Old blood, bad blood, and Youngblood: due process, lost evidence, and the limits of bad faith.

AuthorBay, Norman C.

TABLE OF CONTENTS INTRODUCTION I. A DISCUSSION OF ARIZONA V. YOUNGBLOOD A. Background B. The Supreme Court's Decision C. Youngblood's Significance 1. Competing Visions of Due Process 2. Youngblood's Vitality D. A Postscript: The Rest of the Story II. A CRITICAL RE-EXAMINATION OF YOUNGBLOOD A. New Science B. Legislative Reform C. State Judicial Disapproval D. Doctrinal Incoherence 1. The Meaning of Bad Faith 2. Missing Evidence Instruction 3. A More Onerous Test 4. An Unclear Remedy III. IN DEFENSE OF YOUNGBLOOD IV. RESOLUTION: APPLICATION OF THE CASEY FACTORS A. Factual Change B. Legal Change C. Unworkability D. Detrimental Reliance E. Court's Legitimacy CONCLUSION INTRODUCTION

One of the most remarkable cases in the annals of constitutional criminal procedure is Arizona v. Youngblood. (1) Absent a showing of bad faith, the Due Process Clause is not violated when the police lose or destroy potentially exculpatory physical evidence. (2) Youngblood is a seminal case on the law of lost evidence and has critical implications in cases involving unexamined DNA samples. The loss of such evidence, even though it may preclude a claim of actual innocence, cannot result in a due process violation unless the accused shows that the police acted in bad faith. This is so despite the fact that forensic DNA typing has exonerated more than 200 individuals, all of whom had been convicted of serious crimes (including sexual assault and homicide), and some of whom had been sentenced to death. (3)

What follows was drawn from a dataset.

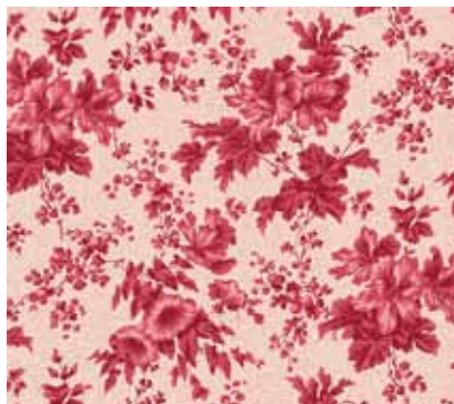
5059-R 3 yards

Youngblood has long been controversial. (4) Now, two decades after it was decided, it must be critically re-examined. Ironically, the rule of law established by the case was founded upon the conviction of an innocent man. (5) Youngblood was convicted of abducting and sexually assaulting a child in 1985. Fifteen years later, in 2000, he was exonerated through DNA testing that was unavailable at the time of his trial. (6) Biological material that could not be tested effectively under the relatively primitive forensic science of the 1980s nevertheless held the promise of future exculpation. Moreover, the DNA evidence that exonerated Youngblood led to the 2002 conviction of the actual perpetrator, an individual with two prior convictions for child sex abuse. (7)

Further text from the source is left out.